Some projects, like the playstands, would be too difficult for an orthogonal view, so I just drew the front and a side. If you draw the views near each other, at the same scale, you can almost see the whole thing at once.
It’s not always important to draw the entire project. For this doll house, the drawing shows the floors of the house and one side of the roof. This drawing shows three different configurations I tried. First, with three floors, then only two, and finally I realized that it needed to be taller.
Also, I was having trouble visualizing how the roof was going to work, so the last side view shows one of the roof boards.
This doll house is not much more than a shelf with a roof, so this drawing was enough.
More recently, I found a barn in a catalog that I wanted to build, but I wanted a different roof. It was the same basic design as the doll house, so I just did a quick diagram, so I see how the roof would go together.
I wrote a few dimensions on the drawing and began building. The barn and doll house were very close in design, so this drawing was all I needed.

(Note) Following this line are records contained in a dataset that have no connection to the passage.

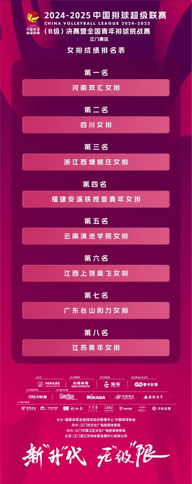 至此,2024-2025中国排球超级联赛(B级)决赛顺利收官。本次赛事由国家体育总局排球运动管理中心、中国排球协会主办,SG飞艇(中国)开奖记录查询站文化广电旅游体育局承办,SG飞艇(中国)开奖记录查询站蓬江区文化广电旅游体育局协办,江门滨江华体体育会展中心有限公司运营。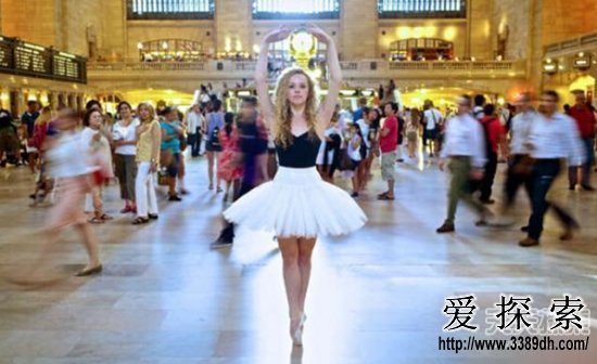当地时间2014年8月8日,美国纽约,古典芭蕾舞女郎现身纽约地铁。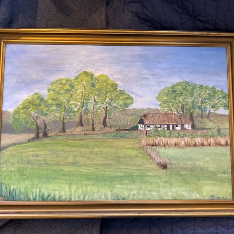Oliemaleri, Susanne Munk Birck, motiv: Landskab, stil: Modernisme, b: 42 h: 34, ‘Morgen ved Monemvasia’ maleri 42X34 af kunstmaler Susanne Munck Birck (afdød).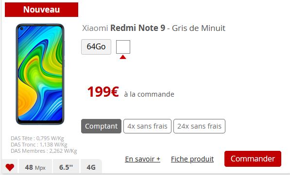 Suite à une nouvelle législation mise en place par l’ANFR, les opérateurs doivent désormais indiquer le DAS (Débit d’absorption spécifique) de chaque modèle de smartphone commercialisé pour chaque zone du corps. Sur le site de Free Mobile, vous pouvez le retrouver directement en dessous des images de présentation de chaque appareil.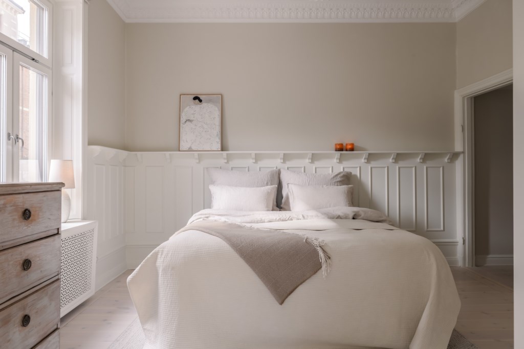 Generöst sovrum med noggrant utvalda detaljer. Sovrummet pryds av väggar i en ljus kulör, höga golvsocklar, stuckaturer målade i samma ljusa kulör som taket samt ljust trägolv. Vackert ljusinsläpp och inbyggt elementskydd. Plats för stor säng med tillhörande sängbord samt annat möblemang efter önskemål. Generöst med förvaring via platsbyggd garderob.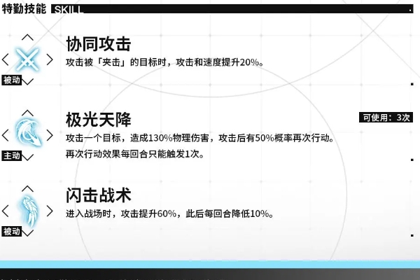 2、主动技能极光天降,攻击一个目标,造成130%物理伤害,攻击后有50%概率再次行动。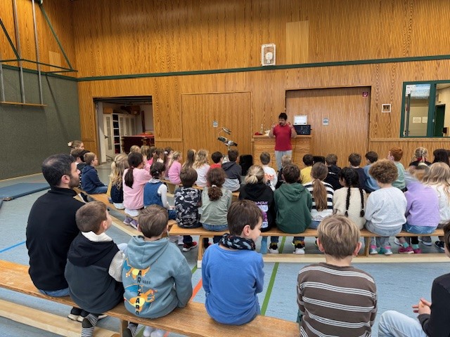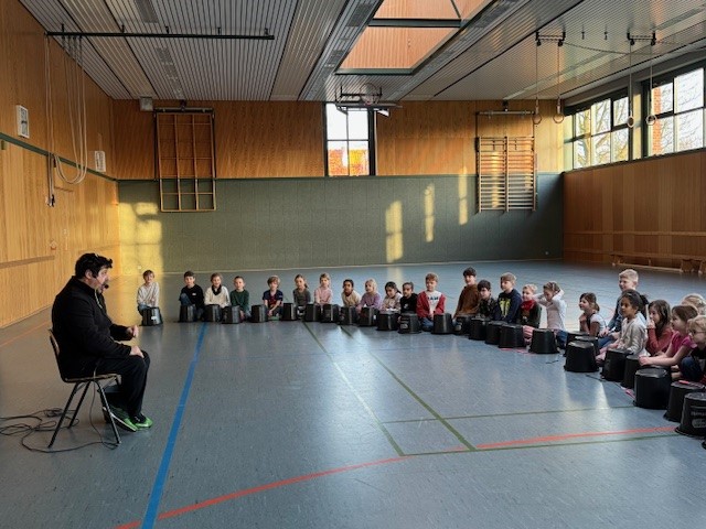 Der Profischlagzeuger und Musiklehrer brachte unseren Schülerinnen und Schülern die lateinamerikanischen Klänge seiner Heimat, Buenos Aires, näher. Er nahm uns mit in seine Kindheit in Argentinien, in der ihm ein teures Schlagzeug nicht zur Verfügung stand, er seinem großen Wunsch, das Instrument zu erlernen, aber mit großer Kreativität begegnete und kurzerhand Töpfe, Schneebesen, Schüsseln und Kochlöffel zu einem besonderen Schlagzeug umfunktionierte.

There are times when scale is important. The hook piece on the playstands had to to be large enough so that I could attach it with screws, even though other boards were going to be in the way. I drew it a full size, 1 inch on the drawing = 1 inch in real life. That way I could measure boards, where screws were going to go, and get a chance to think it through before cutting wood. When the drawing was just right, so I cut out and and traced it onto the wood.
You may have noticed that some of my drawings are on plain paper and some are on graph paper. I prefer graph paper. The lines help me draw straight and keep things in proportion. For this playstand hook drawing, 1 square = 1/4 inch. For the doll house drawing above, 1 square = two inches. Try to pick a scale that is easy to work and lets your drawing be as large as possible.

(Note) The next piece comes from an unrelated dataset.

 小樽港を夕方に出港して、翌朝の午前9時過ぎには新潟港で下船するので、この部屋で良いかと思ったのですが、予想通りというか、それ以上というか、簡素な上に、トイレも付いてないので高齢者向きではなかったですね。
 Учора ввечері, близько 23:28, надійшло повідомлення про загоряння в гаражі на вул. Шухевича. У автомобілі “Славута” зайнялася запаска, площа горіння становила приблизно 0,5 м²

- Mechanical pencil – so you don’t have to keep sharpening it.
- Eraser – so you can change your mind
- Graph paper – makes it so much easier to draw
- Ruler – to draw straight lines and keep things in proportion
- Drafting triangles, 30 / 60 degree and a 45 degree. Makes angled lines easier.
Most of these supplies can be picked up where ever your purchase school supplies.

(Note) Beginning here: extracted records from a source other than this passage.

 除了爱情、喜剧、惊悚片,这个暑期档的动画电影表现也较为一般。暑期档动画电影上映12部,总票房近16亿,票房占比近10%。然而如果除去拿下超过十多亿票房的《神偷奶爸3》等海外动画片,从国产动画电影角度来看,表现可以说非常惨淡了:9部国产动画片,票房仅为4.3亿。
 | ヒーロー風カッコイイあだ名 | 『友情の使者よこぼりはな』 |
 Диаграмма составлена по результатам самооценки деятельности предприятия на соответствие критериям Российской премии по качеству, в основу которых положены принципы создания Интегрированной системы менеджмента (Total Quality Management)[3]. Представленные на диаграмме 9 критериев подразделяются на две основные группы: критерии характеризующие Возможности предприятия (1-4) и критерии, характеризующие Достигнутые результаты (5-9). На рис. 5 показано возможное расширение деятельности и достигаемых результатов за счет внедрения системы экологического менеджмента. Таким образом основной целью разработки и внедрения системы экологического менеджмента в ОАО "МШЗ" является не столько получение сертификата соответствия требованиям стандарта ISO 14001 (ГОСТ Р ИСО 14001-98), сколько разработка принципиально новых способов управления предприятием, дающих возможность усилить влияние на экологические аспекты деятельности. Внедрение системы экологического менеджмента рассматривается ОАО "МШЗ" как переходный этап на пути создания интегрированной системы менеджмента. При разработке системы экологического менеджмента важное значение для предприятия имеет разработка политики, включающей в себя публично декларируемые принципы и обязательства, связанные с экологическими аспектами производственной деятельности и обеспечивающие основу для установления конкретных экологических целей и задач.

Amazon.com has quite a few books on design and drafting, but most of these books are way beyond what is needed to complete a project. The playstand drawing and sand and water table drawing are third generation drawings I did as part of this website and not what I used to build my playstands and sand and water table. The originals were misplaced, but looked much more like the drawing for the stools.
Here are a few other drawings and projects. The first is a rabbit hutch. I had trouble scanning in the drawing, so you will have to click on the picture to view it. I wanted the sides and doors constructed with lapjoints. The front door closes similar to the Henitentiary, and the dimensions were determined by the litter pan I had already purchased. The drawing is messy and crooked, but it enabled me to visualize how all the parts went together.
The second project is a saddle stand / play horse. You may notice that the saddle horse is very similar to the playstands, so I didn’t have to put a lot of work in the drawing, just enough so I had the dimensions of the parts.
Drawing take practice, but after just a few pictures, you will notice improvement in your drawings and your projects.